● **Your objective**: For every entry below, give an exact repeat and leave out the pictures.

● **Exercise inputs**:
'''
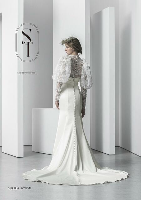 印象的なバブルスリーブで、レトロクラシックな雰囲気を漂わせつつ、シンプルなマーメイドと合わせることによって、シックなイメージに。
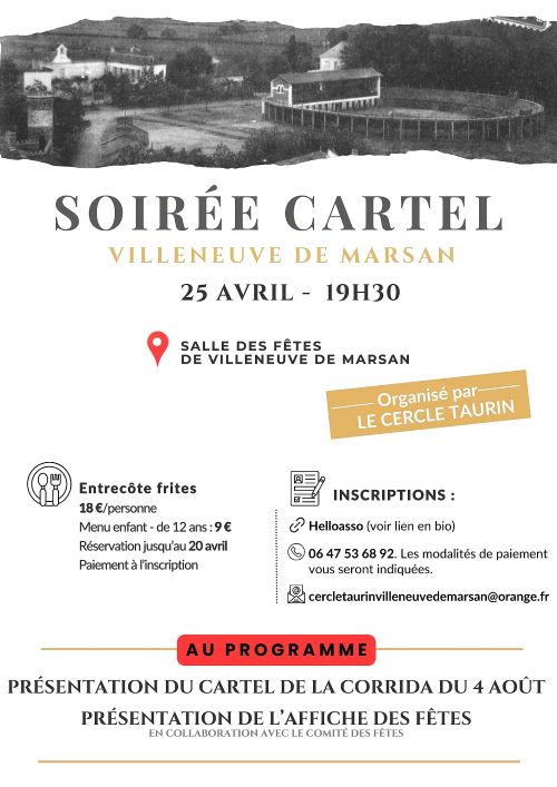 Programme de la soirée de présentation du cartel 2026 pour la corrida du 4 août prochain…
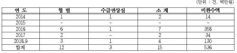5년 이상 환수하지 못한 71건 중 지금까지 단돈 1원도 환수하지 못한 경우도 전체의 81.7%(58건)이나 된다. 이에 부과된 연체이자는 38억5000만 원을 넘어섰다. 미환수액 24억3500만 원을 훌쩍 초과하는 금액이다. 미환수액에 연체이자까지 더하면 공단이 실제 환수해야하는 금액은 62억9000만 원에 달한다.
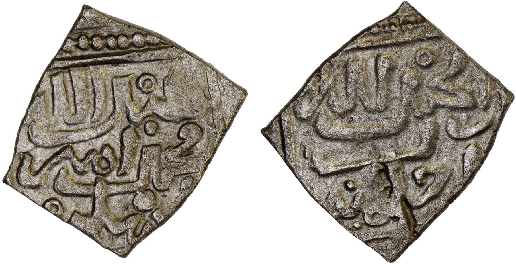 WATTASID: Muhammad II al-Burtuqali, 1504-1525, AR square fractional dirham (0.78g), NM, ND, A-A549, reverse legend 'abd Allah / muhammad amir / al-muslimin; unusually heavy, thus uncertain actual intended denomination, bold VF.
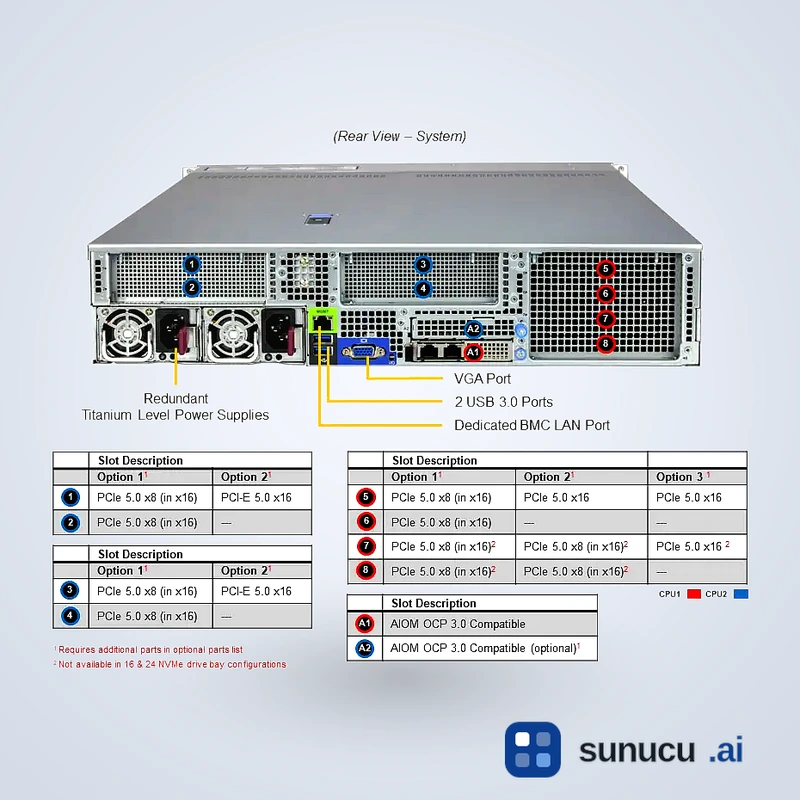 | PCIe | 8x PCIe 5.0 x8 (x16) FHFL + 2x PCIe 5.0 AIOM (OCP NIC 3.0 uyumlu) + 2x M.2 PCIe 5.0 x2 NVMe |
'''
● **Result for this task**:
 印象的なバブルスリーブで、レトロクラシックな雰囲気を漂わせつつ、シンプルなマーメイドと合わせることによって、シックなイメージに。
 Programme de la soirée de présentation du cartel 2026 pour la corrida du 4 août prochain…
5년 이상 환수하지 못한 71건 중 지금까지 단돈 1원도 환수하지 못한 경우도 전체의 81.7%(58건)이나 된다. 이에 부과된 연체이자는 38억5000만 원을 넘어섰다. 미환수액 24억3500만 원을 훌쩍 초과하는 금액이다. 미환수액에 연체이자까지 더하면 공단이 실제 환수해야하는 금액은 62억9000만 원에 달한다.
 WATTASID: Muhammad II al-Burtuqali, 1504-1525, AR square fractional dirham (0.78g), NM, ND, A-A549, reverse legend 'abd Allah / muhammad amir / al-muslimin; unusually heavy, thus uncertain actual intended denomination, bold VF.
 | PCIe | 8x PCIe 5.0 x8 (x16) FHFL + 2x PCIe 5.0 AIOM (OCP NIC 3.0 uyumlu) + 2x M.2 PCIe 5.0 x2 NVMe |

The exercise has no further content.